For all of us, if we had any racing or fondo aspirations this summer, that’s pretty much out the window. If you happen to be particularly goal oriented around specific events, it’s most likely left you a little rudderless. Maybe you’ve been doing some Zwift. Maybe you’ve been doing a few outdoor rides for exercise and sanity. Chances are, you haven’t been “training” in the traditional sense. For a few of you, current events have made you do a more general reevaluation of what your priorities are.
For these reasons, structure has gone by the wayside. Yet I think you can still have goals. You can still train to improve your fitness – increase your threshold power, lose some weight, make sure you don’t lose fitness.
With the extrinsic goals out of the picture right now, we have to redirect towards more intrinsic goals. For some of my clients, that’s the main motivator. For example, there was that question posed to George Mallory long ago.
“Why did you want to climb Mt. Everest?”
“Because it’s there.”
For my clients who tend to be more intrinsically motivated, something as simple as improving a number is enough of a carrot. Your power to weight ratio is your threshold power divided by your weight in kilograms. I’ve explained that to clients, told them what their current numbers are, and their eyes almost light up. They see possibilities.
“Hmmm. If my FTP number is X, and my weight is Y, and my power to weight ratio is Z, if I increase my power to A, lose a little weight to get down to B, I can reach that nice round number C with my power to weight ratio.”
It is an arbitrary number, but they can be powerful. What gets measured, gets improved.
Some of you go for weekly mileage goals. Maybe some of you go for consistency goals. We have one member who, when the pandemic started, made it a goal to ride every day.
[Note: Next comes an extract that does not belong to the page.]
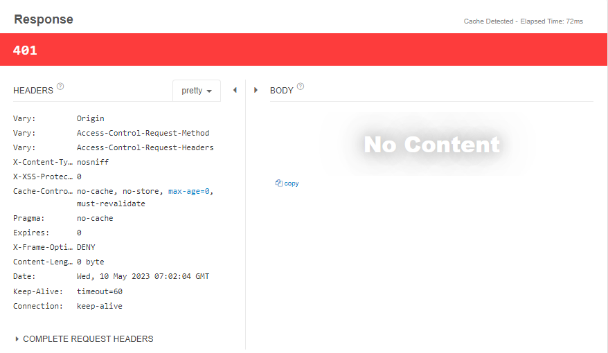 이렇게 401 메세지가 리턴되는데, 서버의 콘솔창을 확인하면

I think he’s up to …90? …and it shows. He’s the strongest I’ve ever seen him.
All great! If you want to spice things up a little and add a little structure and best practices to your workout, because if you do the same thing your progress will plateau, there are some basics you can add to any training week. The marginal gains come with the subtle manipulation of ingredients, but, like making soup, if you have key ingredients, you can make something good.
#1 Add at least one interval day each week.
A lot of us don’t like these. They aren’t pleasurable. They hurt. However, they make us fitter. They’re confusing, too. There is a limitless combination of duration an intensities. Best to keep it simple and not overthink things. Leave the overthinking to your coach.
8 minute Intervals
These aren’t quite threshold, and not quite VO2 max specific, but somewhere in between, and you typically shoot for a power of about 110% of you FTP number. The first 2 minutes aren’t bad, the second 2 minutes you start to suffer, the third 2 minutes is a dark place, the 7th minute you’re hanging on, the last minute is the light at the end of the tunnel.
Recover for 3-5 minute and repeat 1-2 more times. As you get stronger you can add a rep, increase the power a bit, or some combination. Just be consistent with them.
So, it would read as 3×8 min @ 100-110% of threshold power / 3-5 min zone 1/2
Shoot for at least 4-6 riding days a week, at least one recovery day after a hard block, one longer zone 2 day, sleep well and eat the right foods to match the focus of your rides.
It’s a recipe. Good luck and have fun.